On top of the hardship unfolding around him, Wez admits that moving to Newcastle "was probably the hardest time" of his life.
He was in a city where no one knew that he was anything other than a woman.
"I was just considered a lesbian. I had a female partner and I always told them I wasn't lesbian. But when you look like a girl, you are a girl. If you're living with a lesbian, you are a lesbian.
"The hardest thing was that I knew nothing. I had never met a transgender person until my late 30s, and by that stage I had a lot to lose.
"I had friendships, I had a job, I was going to university. And if I wanted to receive male hormones I had to move to Sydney. It was too scary."
A man grabbed me by the throat in a pub and said to me 'What the f - - - are you?'
- Wez Saunders
But then there was the other, persistent, fear that Wez had carried for his entire life: the worry that he was neither woman nor man enough for other people's expectations.
"I've always worn the same clothes as I do now, and I've always had my hair fairly short," Wez says.
"More than once I have been surrounded by blokes, saying 'what is it?'
"A man grabbed me by the throat in a pub and said to me 'What the f - - - are you?'
"It's always that terror that you'll be in the wrong place and someone will have a go at you.
"It's a feeling that gay men, women, have to put up with. The sense for transgender people is more acute and it just leads to wanting to hide and wanting to be alone."
He says, however, the acceptance shown by the men and families he worked with in the Community Support Network was a guiding light.
"They treated me the way they found me," Wez says. "They taught me that no matter what you've been through in your life, life is just about living."
Working at ACON into the 2000s exposed Wez to different pathways he could take to express the male identity he thought he would have to keep repressed.
It took the ill health of his best friend, Rosie, and his partner, to realise that time wouldn't always be on his side.
He was 55.
"I was walking home down Clyde Street and I was miserable," he says.

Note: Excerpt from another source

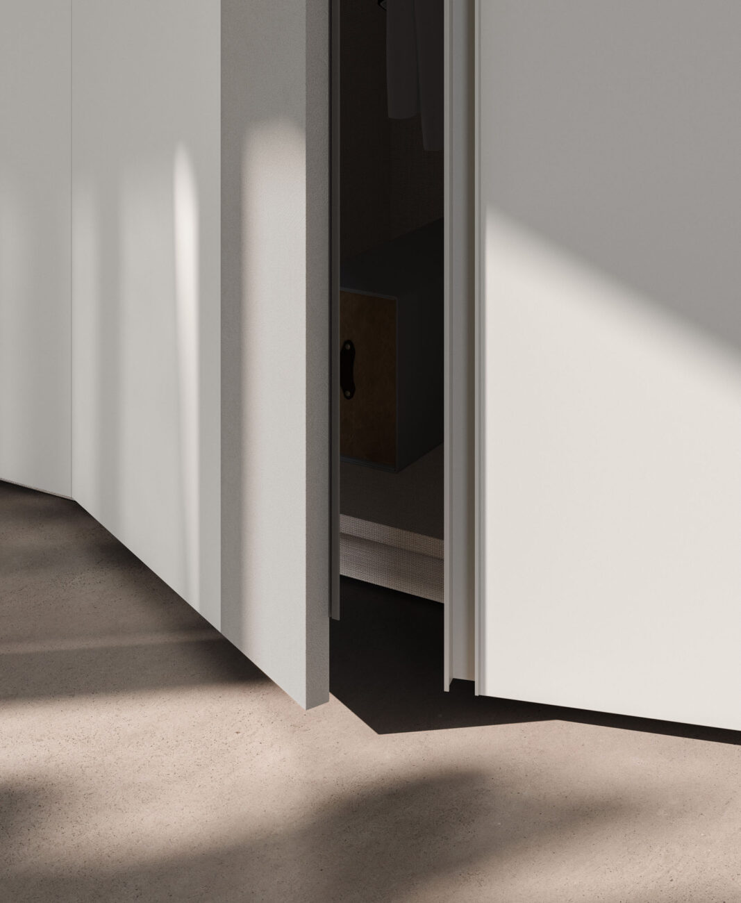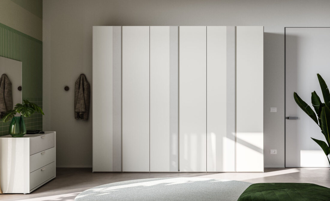 Terna hinged door wardrobe in Seta and Cemento Tropea finish. Structure in Cotone finish.

"I heard an awful noise and around the corner came this old, stinking Nissan Patrol wagon, leaking diesel from everywhere. Across the windscreen it had a sticker saying on it, 'One life, live it'.
"And that was it.
"I went to a staff meeting and put my hand up and said, 'I have something to say. As of today I want to be called Wez'. Everyone just clapped."
He travelled to Sydney to receive male hormones and was able to get surgery to remove his breasts that same year. A procedure, he says, he felt lucky to be able to afford.

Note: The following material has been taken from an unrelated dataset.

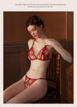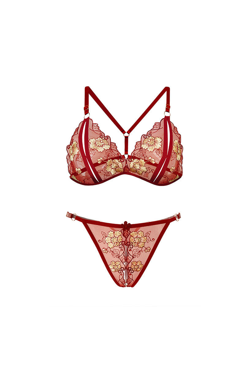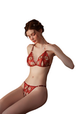 Set 3 piese lenjerie sexy cu broderie florala si margele, Rosu, GS1332-3

"When I woke up and my chest was flat I felt ... 'Yes!'," he says.
"A long time after that I had no nipples and I would just walk along the beach and people would look at me like something was wrong.
"No one could cut me down."
He also found that his family was accepting.

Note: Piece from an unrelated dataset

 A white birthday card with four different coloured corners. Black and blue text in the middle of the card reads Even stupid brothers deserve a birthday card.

For the past 10 years Wez has volunteered with the Hunter Gender Alliance, working with transgender people and medical professionals to increase understanding of the health needs of gender diverse patients.
He also runs a weekly support group for transgender teenage boys and their parents.
"Too many kids hurt themselves because they feel like they have no other choice," he says.
"I get calls from Tamworth, Dubbo, Armidale. It's the same issue everywhere but the families don't have the same resources."
While younger generations have access to a lot more information than Wez did as a child, he says there is still a need for role models who show young people that being transgender is not something to be ashamed of. It is something from which to draw strength.
"You know both sides of the coin, and having that combination gives you insight nobody else can have," Wez says.
"It takes years to come to terms with and years to work out how you want to represent yourself. But that's the same for everybody ... Life is for learning."